The world’s largest automaker, Toyota, has been a major procrastinator when it comes to EV adoption. No longer…

Toyota’s president Akio Toyoda was candid during a recent press conference: “I wasn’t interested in Toyota’s EVs until now. But now I’m interested in future EVs.” Got it.

Now the carmaker “aims to sell 3.5 million battery-powered vehicles annually by 2030, with the launch of 30 EV models by then in a line-up including sports cars and commercial vehicles.”

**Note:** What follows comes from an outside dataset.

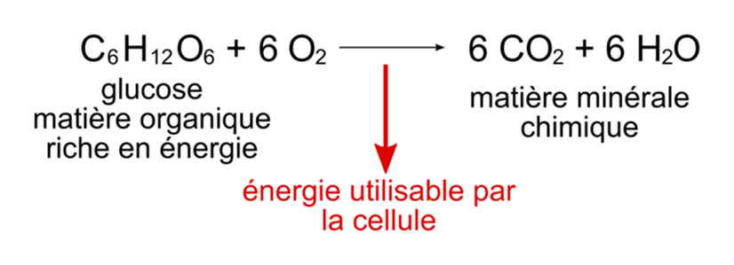 Un exemple de métabolisme cellulaire est la respiration cellulaire au cours de laquelle, la cellule utilise de la matière organique (glucose) et de l’Oxygène pour avoir de l’énergie. Cette respiration s’accompagne d’une libération de gaz carbonique et de l’eau. Elle a lieu au niveau de la mitochondrie.[2]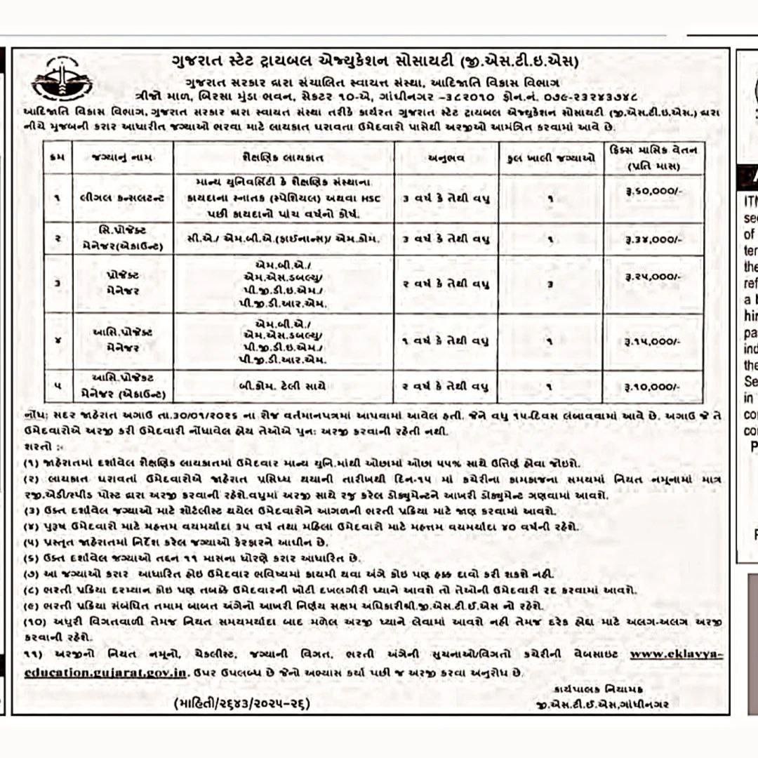 GSTES गांधीनगर भर्ती 2026 उन उम्मीदवारों के लिए एक उत्कृष्ट अवसर है जो गुजरात सरकार के साथ काम करते हुए समाज के आदिवासी वर्ग के लिए कुछ सार्थक करना चाहते हैं। संविदा आधारित होने के बावजूद यह भर्ती प्रोफेशनल अनुभव, स्थिर वेतन और सरकारी कार्यप्रणाली को समझने का बेहतरीन मंच प्रदान करती है। यदि आप योग्यता और अनुभव की सभी शर्तों को पूरा करते हैं, तो यह भर्ती आपके करियर के लिए एक मजबूत कदम साबित हो सकती है। समय सीमा का विशेष ध्यान रखते हुए आवेदन प्रक्रिया पूरी करना अत्यंत आवश्यक है।

Toyota “will pour $35 billion into a shift toward electric vehicles… for direct rivalry with Tesla… [joining] other groups in a push for carbon neutrality,” the Financial Times says. And get this: Toyota wants to make its luxury brand Lexus all electric by 2035. (That whole “direct rivalry with Tesla” thing?)

“The $35 billion… will be equally divided between car development and continuing investment in battery improvement,” FT says. On Monday Toyota announced it will be building its $1.3 billion EV battery facility in North Carolina, hiring a projected 1,750 workers.

[Our technology investor Ray Blanco sees rocketship potential in companies providing an essential service… without which EV makers are lost. The best part? There’s still plenty of headroom for investors.]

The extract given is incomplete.